Wednesday 22 June 2016

Butterflies and Hurricanes

Life is Strange is a triumph, a game that really absorbs you into the setting and has a rich detailed story with strong character development. The game feels indebted to the works of Telltale Games and Quantic Dream, however it manages to forge its own path with its tone, its time travelling mechanism and its pace.  It is important to note from the start that this is not a game about time travel. The power is really just a tool here, something that is used to explore characters and situations in an compelling and unique way. The choices you make have a huge impact on the unfolding story, and the ability to rewind and make a different decision makes you soon realise how branching and tangled things quickly can become. Nothing is black and white. It is not a game for someone who is indecisive.
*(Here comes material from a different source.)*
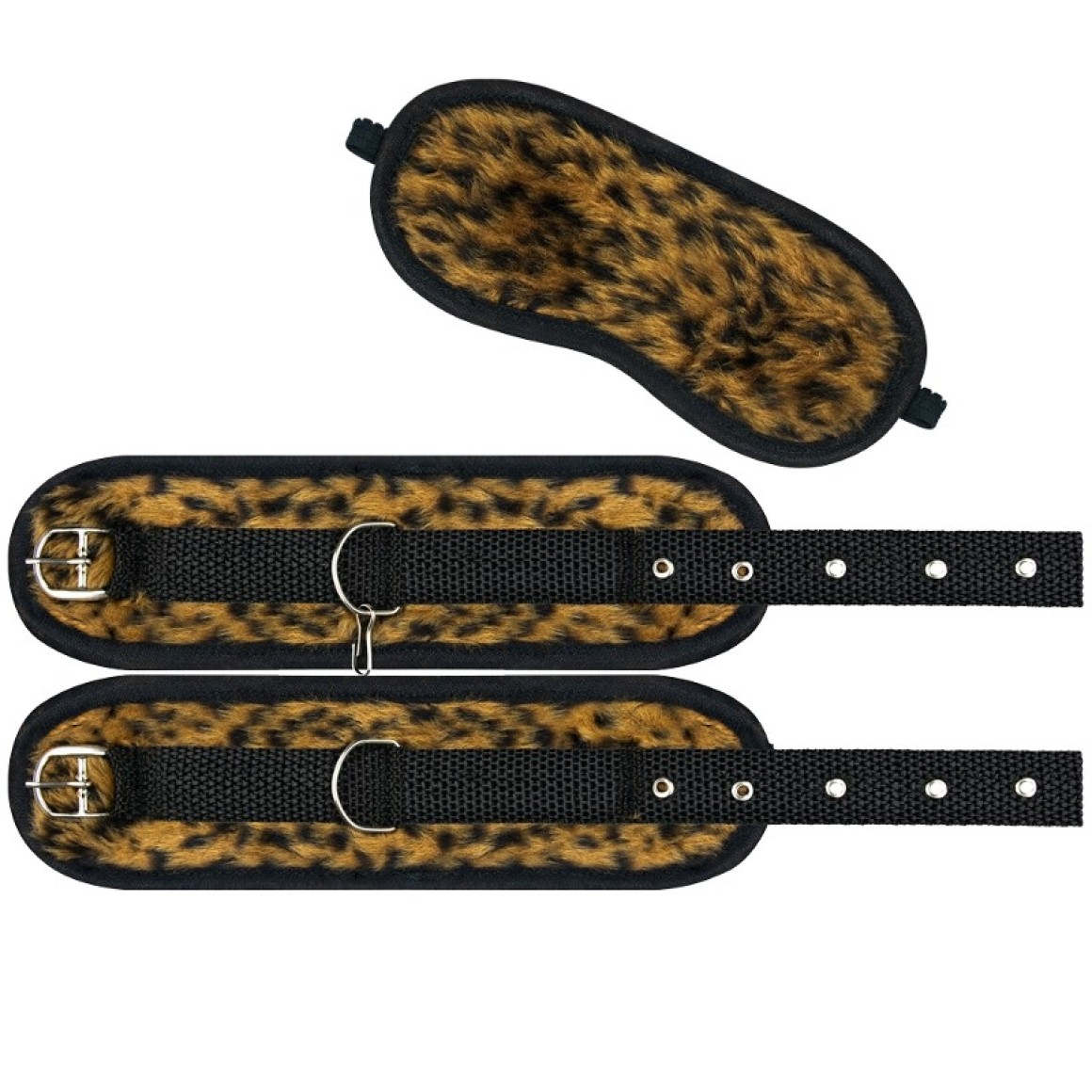 Kit composto por 2 peças, sendo 1 par de algemas e 1 venda.

The focus on decision-making and relationships means that there are few frustrating game mechanics that you usually find in this kind of story-driven adventure games. The item retrieval moments are kept mostly to a needless bottle hunt in a junkyard. The puzzles that fall your way tend to be engaging, all due to the clever use of the time travel mechanic in solving them.

I found myself thinking a lot about Last of Us and the first season of Telltale's Walking Dead as I played Life is Strange, the way the game makes you really buy into the world and care about the characters. However this story revolves around the bond of friendship, rather than the protective parental relationships explored in the aforementioned games. Max and Chloe friendship is not perfect and riddled with difficulties, but there is a deeper love that unites them. Whilst Max tries to act the hero and use her power for good, it soon becomes apparent that it is impossible for a human being to truly shape and bend destiny to their will.

The only misstep I felt was the Alan Wake-y stealth section in the final episode, but I can see why the section was needed otherwise it would have been just a simple walk from point A to B. There had to be something difficult to overcome when the stakes were so high at the end.

Dontnod Entertainment should be commended for a fantastic achievement, Life is Strange is a thrilling and thoughtful game that makes great use of an interesting time travel mechanic. Praise must also be given to the voice actors who really made the characters live, in particular Hannah Telle as Max who managed to reflect inner strength and courage with a subtle and powerful performance.

PS - I really dug how the barn in episode 4 had a real Friday the 13th Part 3 feel!

Monday 13 June 2016

Fez Ending

I loved Fez from the first moment I glimpsed eyes on it. Seldom have I been so completely sold on a game. It never could do any wrong in my eyes. And on every step of the way it managed to confound, surprise and delight me – always surpassing my already lofty expectations. Fez has two layers; one an ingenious platform experience and the other a challenging lesson in cryptography.  

! - Just a little warning of spoilers from here on - !

I finally decided to complete Fez recently, I had not found all of its secrets but it felt I had come as far as I could without resorting to some challenging code cracking. The ending had such an impact on me, it was like the videogame equivalent of the end of 2001: A Space Odyssey.

My interpretation of the end: when Gomez returns most of the cubes and anti-cubes it appears the day has been saved initially. However, on return to your home village when you start walking around things start to deteriorate. It felt to me that because all the cubes had not been found the world was starting to fall apart, the pixilation grew more severe until Gomez grew into a white and red dot. To me it felt like the point of the end of life, where you are stripped down to nothing but your base elements. Although this point seems like the end  everything zooms in even further in a hypnotic way, the collapse of both the second and third dimensions in on themselves. The ending then descends into a series of further reprographics, lines, fractals and shapes, with Disasterpiece providing a haunting rendition of Chopin’s Prelude #4 in Em as we see the images collapse into cubes within cubes within cubes.

To have left the ending there might have been a little to bleak and heavy and so you return to Gomez in his villages playing the drums, which has a little more feel of a traditional 8-bit game ending. Which encapsulates how Fez works, stunning originality and subverting ideas of classic gaming to produce that is more than the sum of its parts.